How many of those quarterbacks would thrive with a head coach like Sean McVay? And a GM like Snead to build around them? Of all the QB's listed I'd say Lawrence has the best shot. He's young. Will be 26 next month. Does have talent. With the right coaching and supporting cast I could see him doing good things. But that hair. Put some damn wave in it and grow beard or something.
 
Last edited:
  • Like
Reactions: Loyal and Bootleg
Detroit did a great job of rebuilding Goff's confidence, and putting the right type of team around him to maximize his efficiency. So cred to Brad and the staff on all that. But in the end a coach has to decide if he's got the right pieces, and QB is no different than any other position in that regard. Should not be any different that is. McVay made a call and fortunately he won a title, and it turns out he was right.

But that doesn't mean there isn't room for Goff to prove his doubters wrong. What is great about sports is the players are the ones who determine all that. We can sit here and talk all the mad shite we want, and we do, but these things come down to the men who actually put their hand in the dirt. So we'll see what kind of competitor Goff is in that regard.

Every year that passes as a fan, I have realized more and more how important competitive spirit is in this game. Martz famously said your greatest competitor on the field must be your QB. How right he was. And it's hard to evaluate that. So many kids in college can win games with a top team around them, or just enter the draft with insane talent levels, and I'm sure that makes it tough on teams who know they need to get that QB spot right.

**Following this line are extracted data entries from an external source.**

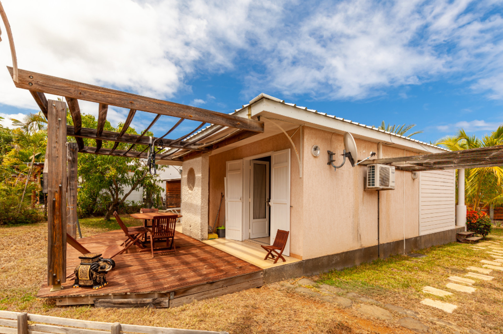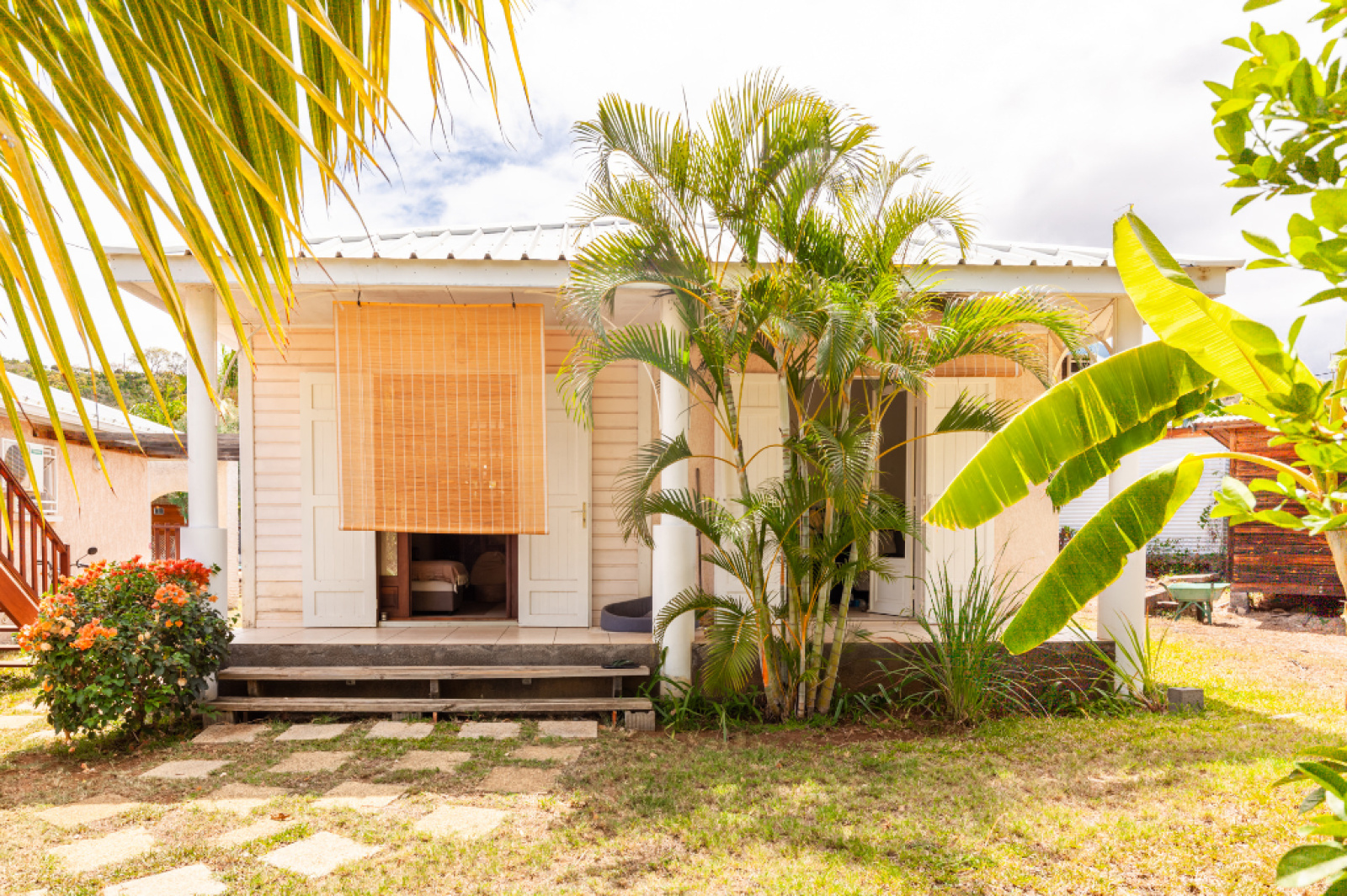 A Boucan Canot, dans le Lotissement Champagne, sur une belle parcelle plate et arborée, de 1108 m², à quelques minutes à pieds de la plage de Boucan Canot et à proximité de commodités, nous vous présentons ce bien où se trouve édifiées deux constructions de 1998, se composant d'une habitation principale de type F3 de 106 m² habitables où se trouve à l'étage un appartement indépendant de type F1 bis de 24 m² avec vue mer et une maison annexe de type F2/3 de plain pied de 54 m².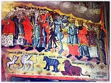 After the building of the wide narthex in 1856, it was painted as well by Dicho Zograf. Here we find the interesting fresco of the Judgment Day with the representations of the four empires of the world as animals and with four emperors – Porus, Darius, Cyrus and Alexander the Great – all led by devils to damnation.[3]
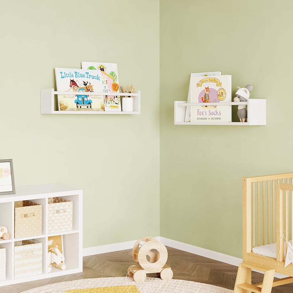 [Space-Saving] - By mounting these shelves on the wall, they help store your child's belongings, freeing up valuable floor space in your nursery or children's room.

It is a crap shoot in the end to project these kids. You can evaluate Goff in that year he came out, he had legit first round talent and that accuracy and touch you want in raw skill. But how do you know whether he's going to do the work, or get distracted by money or girls or whatever else life brings. So it all comes down to how much do they want it. A top talent who wants it and will work his ass off for it is the recipe. And the Rams have that right now, so I am at this point just trying to enjoy every moment of this Stafford era.
 
  • Like
Reactions: thirteen28
How many of those quarterbacks would thrive with a head coach like Sean McVay? And a GM like Snead to build around them? Of all the QB's listed I'd say Lawrence has the best shot. He's young. Will be 26 next month. Does have talent. With the right coaching and supporting cast I could see him doing good things. But that hair. Put some damn wave in it and grow beard or something.

Problem with Lawrence is he has issues reading defenses. So did Goff, so that similarity alone could be the nail on his career coffin.